Have you not known? Have you not heard?
 The LORD is the everlasting God,
 the Creator of the ends of the earth.
 He does not faint or grow weary,
 his understanding is unsearchable.

  – Isaiah 40:28
St. Augustine of Hippo

Earlier this week I wrote two articles, "A strange thought" and "Another strange thought". And then some time around Wednesday or Thursday the world of physics came alive with the buzzing of a rumor that some neutrinos had traveled faster than the speed of light.

First of all let me say that we should never be surprised at the marvelous complexity of God's creation. There is so much that Man does not understand. The knowledge that we have acquired through all our science is like a grain of sand. The universe that God created is infinite and our knowledge will always remain finite.

In my articles earlier this week I suggested that perhaps God is continually creating each moment in space and time. And I also suggested that this would become ever more apparent in the exploration of subatomic particles.

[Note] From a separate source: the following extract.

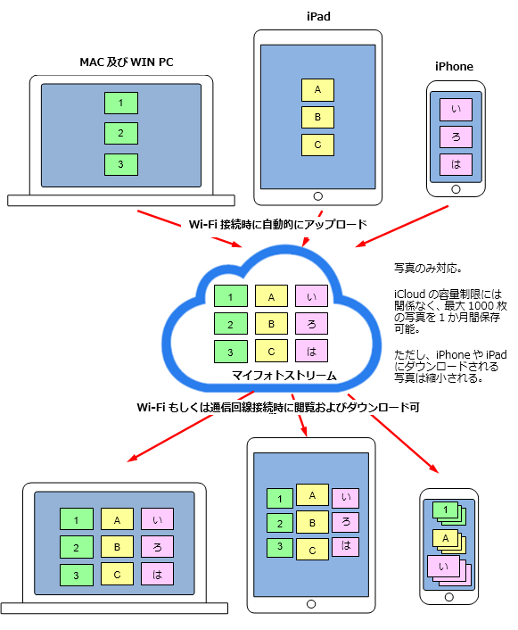 iPhoneで撮影された写真だけを、転送用として一時的にiCloudに格納する。 Wi-Fi接続時にのみ自動で行われる、手動で通信回線を使ってはできない。 iCloudフォトライブラリとは異なり、無料で最大1000枚の写真が30日間保存される。 また、iCloudの5GBの制限容量には関係しない。 |

So let me offer a simple and naïve explanation of the faster-than-light neutrino. Suppose the neutrino as it travels through space-time is occasionally destroyed and re-created. And when it is re-created it is sometimes ahead of where it would have been if it had simply continued along its path. Then at the end of its journey it could arrive ahead of schedule. Whether you can say under these circumstances that it is the same neutrino, I don't know. But I don't think that neutrinos have individual personalities so perhaps it doesn't matter.

This gets back to the idea that God is constantly creating the material universe out of nothing. Perhaps we are indirectly witnessing through this experiment an instance of that continual creation. This would be very different from the idea of the deists that say that God created the universe and then just let it go on its course by simply following the laws of physics. This idea began to crumble as soon as Man discovered quantum physics.

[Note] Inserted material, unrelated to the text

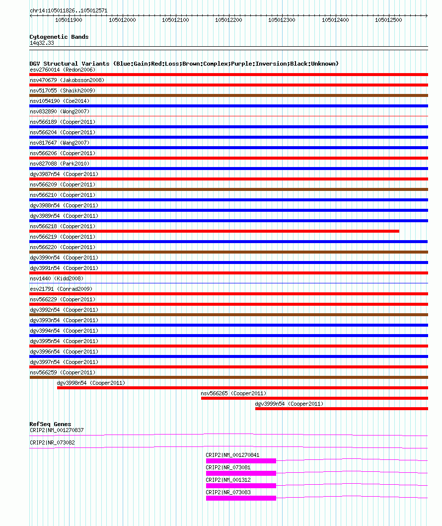 Variant DetailsVariant: nsv566257| Internal ID | 16353666 | | Landmark | | | Location Information | | | Cytoband | 14q32.33 | | Allele length | | Assembly | Allele length | | hg38 | 746 | | hg19 | 746 | | hg18 | 746 |

Einstein famously said that "God does not play dice" because he could not accept the probabilistic nature of quantum theory. What he really revealed through this comment is that he was a deist. He believed that the universe was like a very complex watch that God created. He wanted to reduce the universe to a mechanism.

One of his scientific colleagues, Neils Bohr, scolded him and told him to "stop telling God what to do". And there is the answer. God is infinitely superior to Man. In fact Einstein's comment reveals that he did not believe in God at all. He was using the name of  God in vain, when what he really meant was something like Nature. So his comment can be reworded as "Nature does not play dice".

Nature is not God. Nature or "Mother Nature" is the god of the pagans. Christians believe in the one true God who created the universe and sent His only Son to save mankind. Our God is a mighty God that can move heaven and earth. For God all things are possible.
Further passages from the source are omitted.